> _ABOUT THIS TASK_
Excluding pictures, what does the listing below contain from the line with "山西運(yùn)城迎來降雪天氣,成群天鵝在鹽湖濕地嬉戲。" up to and including the line with "この度、公式オンラインストア", word for word?

> _STUDY MATERIAL_
::::::

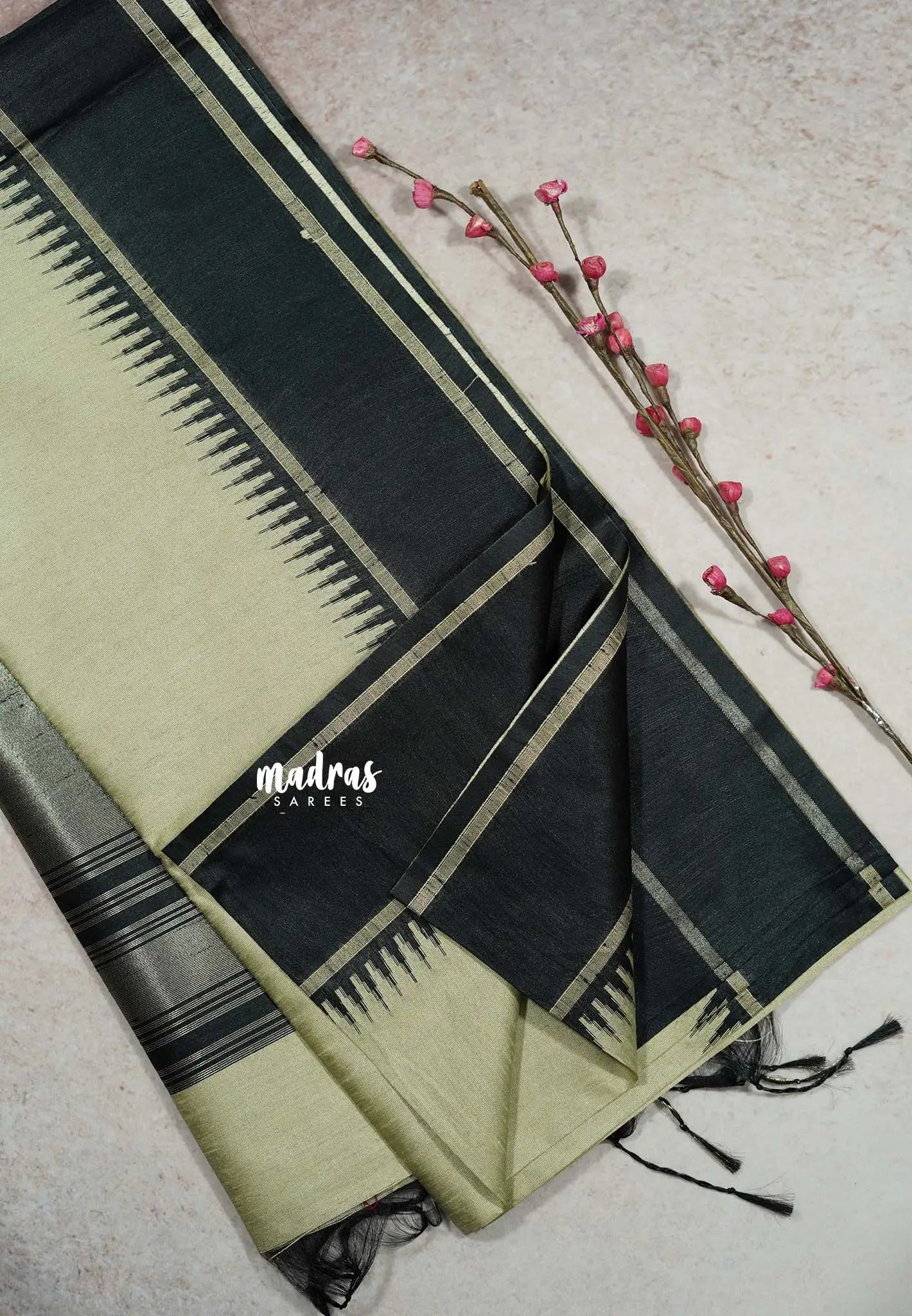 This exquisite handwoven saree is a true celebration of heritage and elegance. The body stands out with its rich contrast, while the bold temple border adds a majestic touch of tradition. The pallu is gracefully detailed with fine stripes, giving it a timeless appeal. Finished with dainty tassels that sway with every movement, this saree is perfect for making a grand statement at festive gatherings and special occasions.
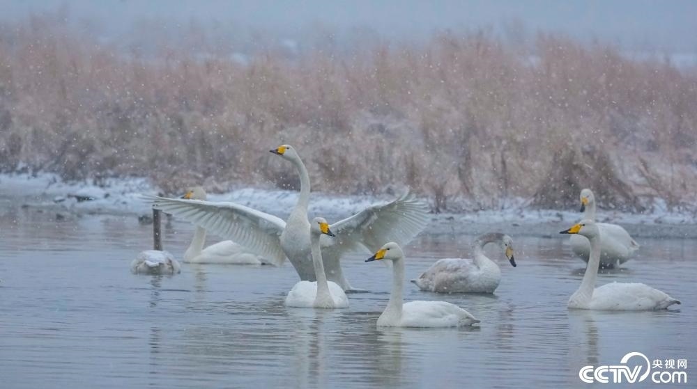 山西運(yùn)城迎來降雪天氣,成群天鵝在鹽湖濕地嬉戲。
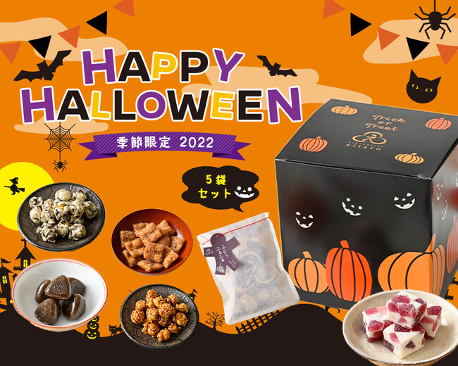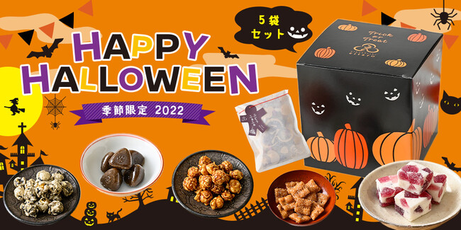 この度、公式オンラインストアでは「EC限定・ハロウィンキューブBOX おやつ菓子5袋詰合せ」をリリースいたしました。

::::::

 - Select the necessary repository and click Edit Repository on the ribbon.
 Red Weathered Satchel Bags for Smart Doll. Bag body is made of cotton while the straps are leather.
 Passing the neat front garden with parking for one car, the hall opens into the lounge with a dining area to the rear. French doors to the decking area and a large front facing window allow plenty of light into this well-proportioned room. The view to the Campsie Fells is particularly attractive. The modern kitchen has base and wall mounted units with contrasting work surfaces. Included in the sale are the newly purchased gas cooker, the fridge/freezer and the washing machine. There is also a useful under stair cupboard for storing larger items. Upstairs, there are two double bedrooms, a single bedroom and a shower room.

::::::

> _SOLUTION_
 山西運(yùn)城迎來降雪天氣,成群天鵝在鹽湖濕地嬉戲。
 この度、公式オンラインストアでは「EC限定・ハロウィンキューブBOX おやつ菓子5袋詰合せ」をリリースいたしました。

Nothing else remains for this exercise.